Линдсей молчал, спорить с этим человеком было бесполезно.
– Ну что ж, – сказал он наконец. – Остается пожелать тебе удачи. Постарайся защитить пострадавших. Может, что-нибудь из всего этого и выйдет.
– Подумай, Линдсей, перед нами целая вселенная неиспользованных возможностей. Ни законов, ни ограничений…
– Пока он жив – нет. Прости.
– Придется тебе это делать самому.
Торговый корабль Инвесторов 14.02.86
– Это не предпочитаемый нами вид сделок, – сказал Инвестор.
– Мы не встречались раньше, лейтенант? – спросил Линдсей.
– Нет. Но я был знаком с вашим учеником. Доктор-капитан Саймон Африэль. Весьма образованный джентльмен.
– Я хорошо помню Саймона.
– Он умер в посольстве. – Инвестор смотрел на Линдсея. Темные глаза его враждебно поблескивали в белых ободках его мигательных перепонок. – Жаль. Я всегда получал удовольствие от бесед с ним. Хотя – это его стремление всюду соваться… Вы называете это любопытством. Позыв к собиранию бесполезной информации. Существо с таким изъяном подвергается излишнему риску.
– Несомненно, – согласился Линдсей.
До этого он не слыхал о смерти Африэля. Известие доставило ему горькое удовольствие: нет еще одного фанатика, бессмысленно погиб еще один талантливый человек…

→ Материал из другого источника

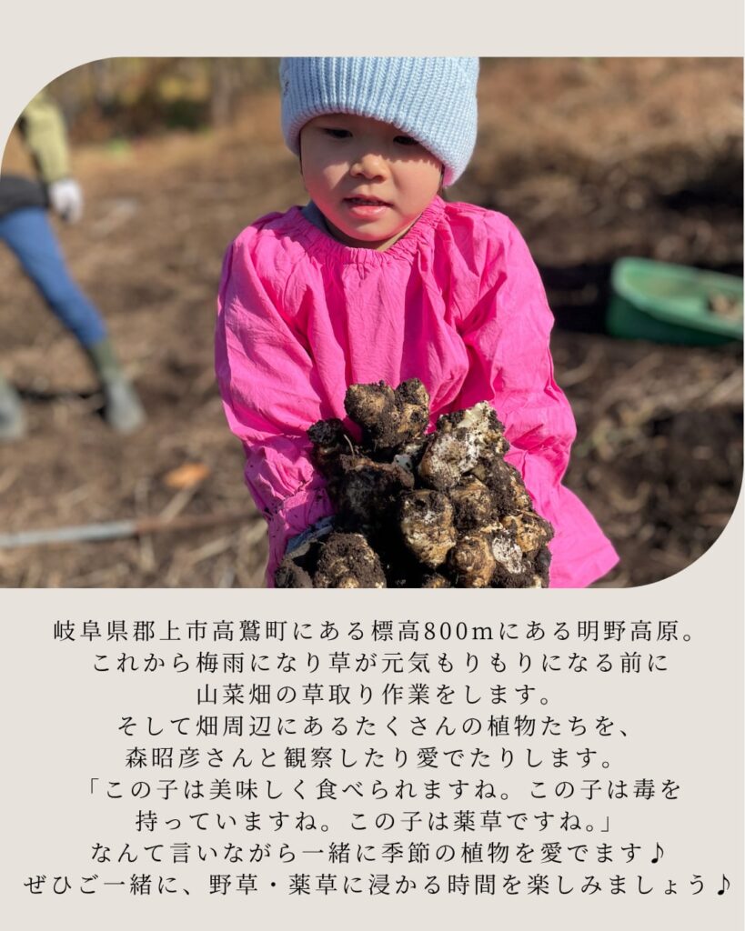 「この子は美味しく食べられますね。この子は毒を持っていますね。この子は薬草ですね。」なんて言いながら一緒に季節の植物を愛でます♪
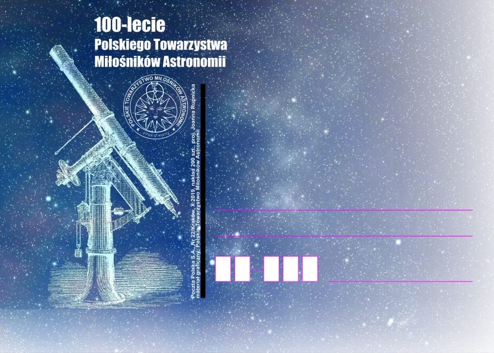poczta wydała okolicznościową kartkę, które wizerunek prezentujemy. Źródło: URania Postępy Astronomii„Święto Astronomii w Krakowie” – pod takim tytułem zorganizowano w sobotę w Krakowie obchody 100-lecia Polskiego Towarzystwa Miłośników Astronomii (PTMA), największej polskiej organizacji zrzeszającej entuzjastów astronomii i jednocześnie jednego z najstarszych polskich stowarzyszeń.

– Ненависть понять гораздо проще. Странно, что ты, Художник, стал ее жертвой. Это заставляет усомниться в моем суждении о вашем виде.
– Сожалею, что послужил источником недоразумения. Канцлер-генерал Константин сумеет объяснить все это гораздо лучше.
– Я поговорю с ним. Он со своими людьми только что прибыл на борт. Хотя он – не характерный образец для составления мнения о человеческой природе. Сканирование показывает, что он пошел на очень серьезные перестройки организма.
Теперь так делают многие, подумал Линдсей. Даже из самых молодых. Словно существование Неотенической Республики с ее принудительной человечностью освободило прочие группировки от необходимости притворяться.
– Вы находите это странным для космической расы?
– Нет. Вовсе нет. Поэтому-то их и осталось так мало.
– Девятнадцать, – уточнил Линдсей.
– Да, число исчезнувших рас, входивших в нашу торговую сферу, на порядок больше. Хотя артефакты их сохранились. Как, например, тот, что мы предполагаем предоставить вам в аренду. – Инвестор обнажил бороздчатые шипообразные зубы – признак отвращения и неприязни. – Мы надеялись на долгосрочную торговлю с вашим видом, но не можем отвратить вас от порывов в вопросах метафизики. Вскоре нам придется наложить на вашу систему карантин, чтобы не быть вовлеченными в ваши трансмутации. В то же время нам придется пренебречь некоторыми из своих принципов, чтобы оправдать свои капиталовложения.
– Вы меня пугаете, – сказал Линдсей. Это он уже слышал: туманные угрозы Инвесторов, намеревающихся заморозить человечество на текущем уровне развития. Забавно: Инвесторы проповедуют презервационизм… – Конечно, война – весомейшая угроза.
– Нет. И мы представили вам доказательства этого. Наш межзвездный двигатель дал вам понять, что ваши представления о пространстве-времени неверны. Ты, Художник, должен об этом знать. Задумайся на минуту о последних достижениях в математическом описании того, что вы называете гильбертовым пространством и ур-пространством преконтинуума… Они не могли миновать твоего внимания.
– Математика – мое слабое место.
– И наше. Но нам известно, что эти открытия – тревожный признак неизбежного перехода к иной форме бытия.
– Неизбежного?
– Да. Вопрос лишь нескольких столетий.
Значит, столетий… Да, как легко забыть, насколько древни Инвесторы. Глубочайшее их нежелание перемен обеспечивает им широкий, но поверхностный кругозор. Им неинтересна собственная история, они не хотят сравнивать свою жизнь с жизнью предков, потому что не предполагают, что их жизнь или же побуждения хоть в малейшей степени изменились. Есть у них туманные легенды и невнятные, перевранные технические сведения, касающиеся наиболее ценимых ими объектов, но даже эти фрагменты истории затерялись в лихорадочной погоне за добычей.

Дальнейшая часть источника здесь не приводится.